▶ [About this task]:
Exactly as written, reproduce the lines from the beginning of the data through the line containing "당시 뒤따라오던 승용차"; the pictures are not reproduced.

Data entries:
┌──

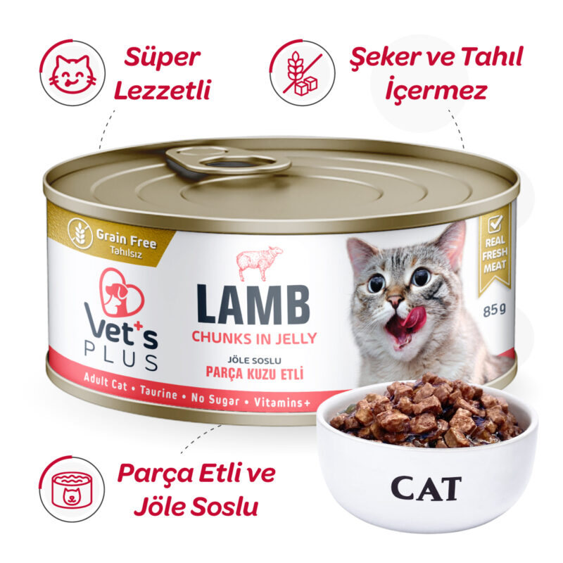 Vet’s Plus jöle soslu parça kuzu etli konserve, içerdiği A, B, D, E vitaminleri sayesinde sağlıklı tüy gelişimini destekler, hücre yenilenmesine, kas ve iskelet sisteminin gelişimine yardımcı olur. Enfeksiyon, eklem rahatsızlıkları, alerji ve solunum yolu rahatsızlıkları gibi stres şartlarında vücudu destekleyip güçlendirir ve bağışıklığı arttırır. Zengin vitamin ve mineral içeriğiyle yetişkin kedilerin günlük aktiviteleri için gerekli enerji ihtiyacını karşılayan dengeli ve sağlıklı tam bir tahılsız besindir.
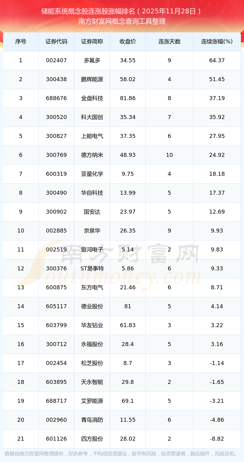 根据南方财富网概念查询工具数据统计,截止2025年11月28日收盘,储能系统概念股共有21只个股实现连涨。其中连续涨幅较大的个股有多氟多、鹏辉能源、金盘科技等,连续涨幅分别为64.37%、51.45%、37.19%。
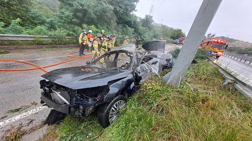 당시 뒤따라오던 승용차 운전자가 사고를 목격해 경찰에 신고했다. 그는 연기로 가득 찬 차량에서 정신을 잃은 A씨를 구조한 것으로 알려졌다.
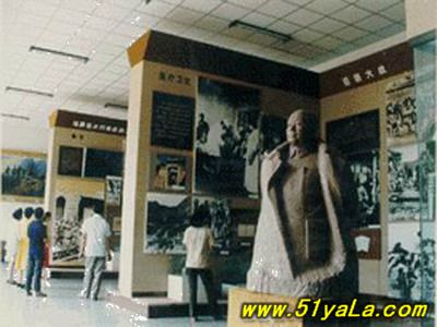 八路軍太行紀(jì)念館于1989年9月3日落成,它是全國(guó)第一座系統(tǒng)反映八路軍總部、中共中央北方局和八路軍野戰(zhàn)政治部以及朱德、彭德懷、左權(quán)、任弼時(shí)、劉伯承、鄧小平、羅瑞卿、楊尚昆等老一輩革命家在太行山革命根據(jù)地八年抗戰(zhàn)的偉大革命實(shí)踐和太行山根據(jù)地人民斗爭(zhēng)事跡的綜合紀(jì)念館總建筑面積為4349平方米,鋼筋水泥混合結(jié)構(gòu),建筑古樸典雅,結(jié)構(gòu)精巧,雕飾富有民族特色。館舍由照壁、六角井亭和四周的配房組成。館內(nèi)由序幕廳、四個(gè)展廳、題詞廳、電影廳、賓客休息廳等五個(gè)部分組成。當(dāng)進(jìn)入八路軍太行紀(jì)念館大門(mén)時(shí),首先躍人眼簾的是路兩側(cè)成蔭的松柏,爭(zhēng)艷的鮮花,如茵的草坪。鄧小平同志親筆題寫(xiě)的“八路軍太行紀(jì)念館”八個(gè)金字匾額懸放在建筑物的中央。穿越館前草坪,拾階而上,便步入寬闊的序廳?;厥幵诖髲d中的八路軍戰(zhàn)歌《在太行山上》,激昂嘹亮的旋律,把我們帶回到烽火連天的抗日歲月。大廳周?chē)鸁o(wú)救三角形圖案,猶如太行千山萬(wàn)壑,到處在燃燒著抗日烽火。大廳中央是褐色巨型立體“八”字。一尊八路軍戰(zhàn)士浮雕像,在八字上端顯得氣宇軒昂,象征著灑滿(mǎn)烈士鮮血的紅色土地上,巍然屹立起一座歷史豐牌。它鐫刻著中國(guó)共產(chǎn)黨所領(lǐng)導(dǎo)的八路軍堅(jiān)持八年抗戰(zhàn),打敗日本侵略者的豐功偉績(jī),它象巍巍太行一樣,與日月同輝,名垂史冊(cè)!由序廳向左走便進(jìn)入了第一展廳?!巴M(jìn)太行,創(chuàng)建抗日民主根據(jù)地”,—幅幅畫(huà)面伴隨著解說(shuō)員的解說(shuō)詞把我們帶回到那烽火年代?!熬乓话恕钡呐?,蘆溝橋的槍聲,中華大地在燃燒,山河在流淚,有血性的中華兒女哪能不群情激昂、灑一腔熱血雪恥興國(guó)呢!在國(guó)破家亡的關(guān)鍵時(shí)刻,中共中央于1937年8月22日在陜北洛川召開(kāi)政治局?jǐn)U大會(huì)議,會(huì)議指出:自蘆溝橋抗戰(zhàn)后,中國(guó)的政治形勢(shì)已開(kāi)始了實(shí)行抗戰(zhàn)的新階段。黨的中心任務(wù)是“動(dòng)員一切力量,爭(zhēng)取抗戰(zhàn)勝利”,同年8月將陜甘寧邊區(qū)的中國(guó)工農(nóng)紅軍主力,改編為國(guó)民革命中第八路軍。朱德總司令、彭德懷副總司令率三師之眾,東渡黃河,出師華北,重創(chuàng)日寇。八路軍逐漸向敵后實(shí)施戰(zhàn)略進(jìn)攻,總部機(jī)關(guān)和129師隨即向晉東南挺進(jìn)開(kāi)辟以太行山為依托的晉冀豫抗日根據(jù)地。從此,太行山成為八路軍總司令部轉(zhuǎn)戰(zhàn)、駐扎之地,成為華北敵后抗日根據(jù)地的腹心地區(qū)。跟隨解說(shuō)員的講解,緩緩進(jìn)入第二個(gè)展廳。
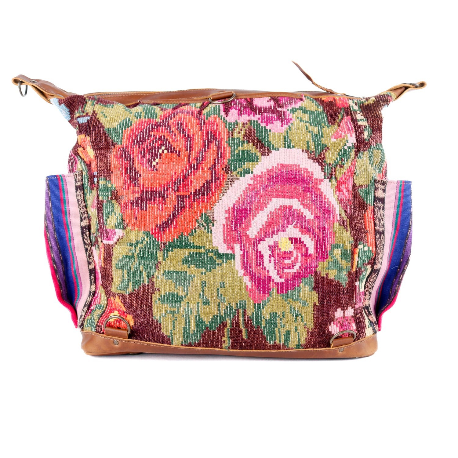 Many unique Maya symbols can be found in our One of a Kind Collection. The fabric we use for this collection is made from upcycled vintage huipiles (traditional attire worn by women in Guatemala) that were handwoven by Artisans up to 10 years ago, and they have lived a full life before being incorporated into your leather bag!

└──

▶ [Result]:
 Vet’s Plus jöle soslu parça kuzu etli konserve, içerdiği A, B, D, E vitaminleri sayesinde sağlıklı tüy gelişimini destekler, hücre yenilenmesine, kas ve iskelet sisteminin gelişimine yardımcı olur. Enfeksiyon, eklem rahatsızlıkları, alerji ve solunum yolu rahatsızlıkları gibi stres şartlarında vücudu destekleyip güçlendirir ve bağışıklığı arttırır. Zengin vitamin ve mineral içeriğiyle yetişkin kedilerin günlük aktiviteleri için gerekli enerji ihtiyacını karşılayan dengeli ve sağlıklı tam bir tahılsız besindir.
 根据南方财富网概念查询工具数据统计,截止2025年11月28日收盘,储能系统概念股共有21只个股实现连涨。其中连续涨幅较大的个股有多氟多、鹏辉能源、金盘科技等,连续涨幅分别为64.37%、51.45%、37.19%。
 당시 뒤따라오던 승용차 운전자가 사고를 목격해 경찰에 신고했다. 그는 연기로 가득 찬 차량에서 정신을 잃은 A씨를 구조한 것으로 알려졌다.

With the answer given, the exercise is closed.